Japan considers cabinet level bicycle ministry

A non-partisan caucus of legislators in the Japanese Diet (Kokkan) are moving forward on the creation of a Ministry of Bicycle Promotion (自転車担当相設置を – Jitensha Tanto Sho).

Bicycle policy in Japan is determined by multiple agencies. The police establish the rules of the road, while the Ministry of Land, Infrastructure, Transport and Tourism governs infrastructure, and the National Public Safety Commission publishes yet another set of rules for bicycles. Bicycle users report confusing and often contradictory laws. The proposed Bicycle Ministry would bring Japan’s disparate efforts to promote and improve cycling under a single cabinet level executive office.

This legislative working group to promote bicycles is chaired by 68-year-old Justice Minister Sadakazu Tanigaki, an avid long-distance road cyclist. The draft proposal says the Minister of Bicycles should be a cyclist, and members of the working group are pushing Tanigaki to take the proposed post.

The draft proposal calls on the government to promote cycling as an effective means of transportation for the 2020 Tokyo Olympics. The new ministry, if accepted, would review and simplify existing traffic laws as they related to bicycling, and would be tasked with developing bicycle infrastructure such as cycle tracks and bicycle parking.

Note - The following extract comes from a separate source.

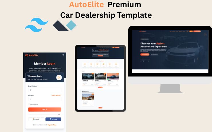 AutoElite is a sophisticated, feature-rich car dealership website template built with the latest Tailwind CSS v4 and Alpine.js, specifically designed for luxury automotive dealerships, car showrooms, and vehicle marketplaces.

The working group will present their proposal to the government on Monday, October 28.

Via Aussie ex-pat Byron Kidd at Tokyo By Bike, who astutely notes the political culture of Japan encourages a cynical wait-and-see attitude and reminds readers: “Whatever eventuates you can rest assured that public consultation will never feature in the decision making process and that our voices will go unheard.”

The Japanese have a parliamentary form of government. The Cabinet of Japan forms the executive. The head of the Cabinet, the Prime Minister, is appointed by Japan’s bicameral legislative branch, the Kokkan. The members of the cabinet are, in turn, appointed by the Prime Minister. By convention, English speakers usually call Japan’s parliament the “Diet,” which is what we also call the old German legislative assemblies that they inherited from the Romans. Why German? Because of the heavy Prussian influence during the Meiji era, when Japan established its first modern constitution.